** INFORMATION SHOWN follows **
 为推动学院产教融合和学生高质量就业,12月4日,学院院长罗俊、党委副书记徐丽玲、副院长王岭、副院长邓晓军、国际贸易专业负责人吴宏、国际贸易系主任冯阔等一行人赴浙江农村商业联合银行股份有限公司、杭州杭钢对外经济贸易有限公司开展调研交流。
** End of INFORMATION SHOWN **
** INFORMATION SHOWN follows **
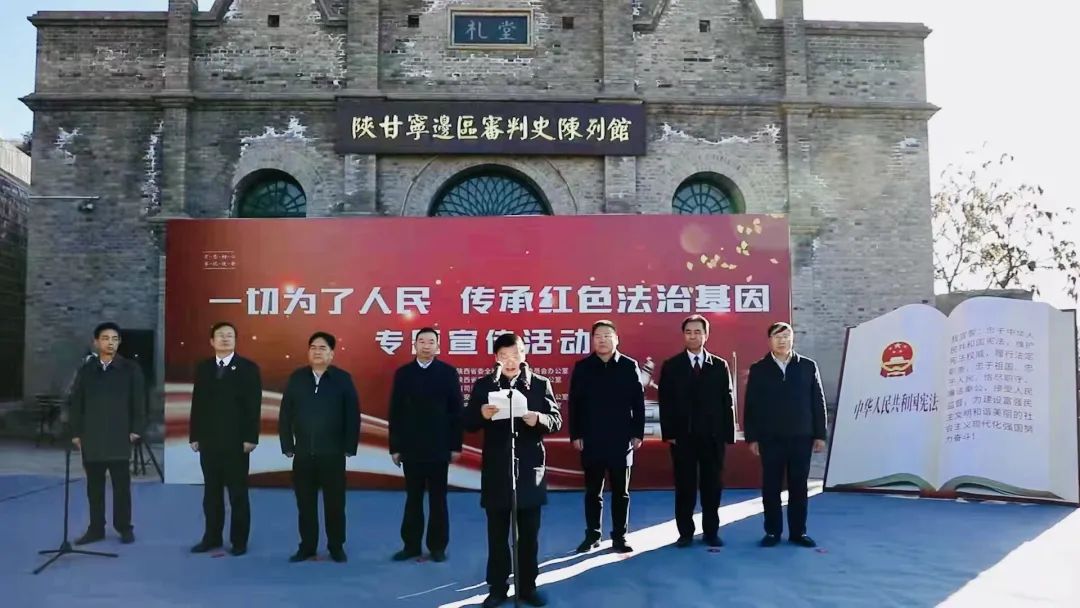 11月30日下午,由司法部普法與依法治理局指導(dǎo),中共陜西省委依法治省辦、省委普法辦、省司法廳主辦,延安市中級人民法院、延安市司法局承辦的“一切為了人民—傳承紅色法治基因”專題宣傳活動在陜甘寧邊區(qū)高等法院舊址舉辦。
** End of INFORMATION SHOWN **
** INFORMATION SHOWN follows **
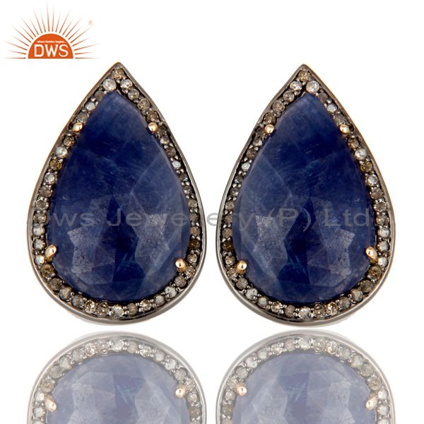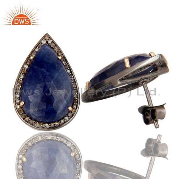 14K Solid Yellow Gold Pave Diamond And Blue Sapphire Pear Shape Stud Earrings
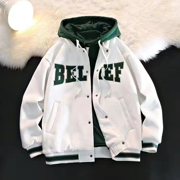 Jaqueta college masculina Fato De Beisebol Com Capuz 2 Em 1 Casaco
** End of INFORMATION SHOWN **
--- TASK OBJECTIVE ---
Above are some entries. Restate word for word the lines from the one holding "14K Solid Yellow" through the one holding "Jaqueta college masculina", but not the pictures.

--- FINISHED TASK ---
 14K Solid Yellow Gold Pave Diamond And Blue Sapphire Pear Shape Stud Earrings
 Jaqueta college masculina Fato De Beisebol Com Capuz 2 Em 1 Casaco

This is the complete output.